I just saw a post on Facebook …

Funny thing, I am not a socials person. I deleted my Twitter account because it took me nearly four years to understand how it worked. I blame myself though, I was hardly interested. Instagram, hmm … Just photos? Yeah I’m sure its an amazing app, I just never found appropriate use for it. I converted my personal account to a professional one about my website, then got bored. I think socials are too much work. I also think that the only reason Facebook worked for me is because I had the account while I was younger. I remember waiting patiently until I was done with high school to have the account. I was 17.

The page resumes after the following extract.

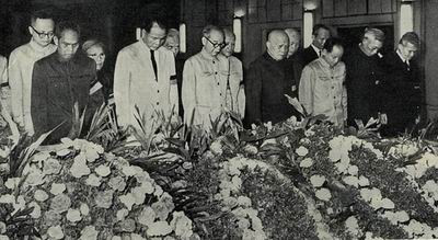 Tại Lễ truy điệu Chủ tịch Hồ Chí Minh ngày 9.9.1969, Bí thư thứ nhất Ban chấp hành Trung ương Đảng Lê Duẩn đọc Điếu văn của Ban Chấp hành Trung ương Đảng Lao động Việt Nam. Điếu văn có đoạn: “Dân tộc ta, nhân dân ta, non sông đất nước ta đã sinh ra Hồ Chủ tịch, người Anh hùng dân tộc vĩ đại, và chính Người đã làm rạng rỡ dân tộc ta, nhân dân ta và non sông đất nước ta”. Đồng thời, đồng chí Lê Duẩn đã đọc 5 lời thề vĩnh biệt Bác. Ảnh tư liệu

Did you know Chance the Rapper is exactly five years older than me? Oh, did I mention that Akon, Chance and I share the same birthday? Greatness right there.

Like I was saying, I saw a post, “I will never give a fuck the same way twice” and was like, yeah, i’mma post that. The psychology of social media works like that, and not that I sought to target anyone in particular, this is just how I felt at that moment. It is still how I feel as I type my thoughts away with my headset on. I have had the most difficult of times over the past few months and I think that if I had the time and energy, I’d probably scream my lungs out. Sigh, I’m not trying to be a downer or anything, but it is what it is.

However, I am extemely proud of the steps I have taken. I think that I am a contradiction of personalities; both fiesty yet calm, fiery yet cool, disconnected yet kind. However, what I am not, is a saint. I think I am one of the most difficult people to deal with, the most frustrating and I dare say, the most annoying. I am emotional yet very rational, and this conflict of personalities has cost me my social life. Being assertive yet very shy has caused me to explode more than once, especially when someone continuously stepped on my toes. You would think from my writing, that I am very expressive, yet in person, I would prefer to watch things unfold from the sidelines, until I cannot stay silent anymore.

I am extrmely happy to have chosen to stand up for myself.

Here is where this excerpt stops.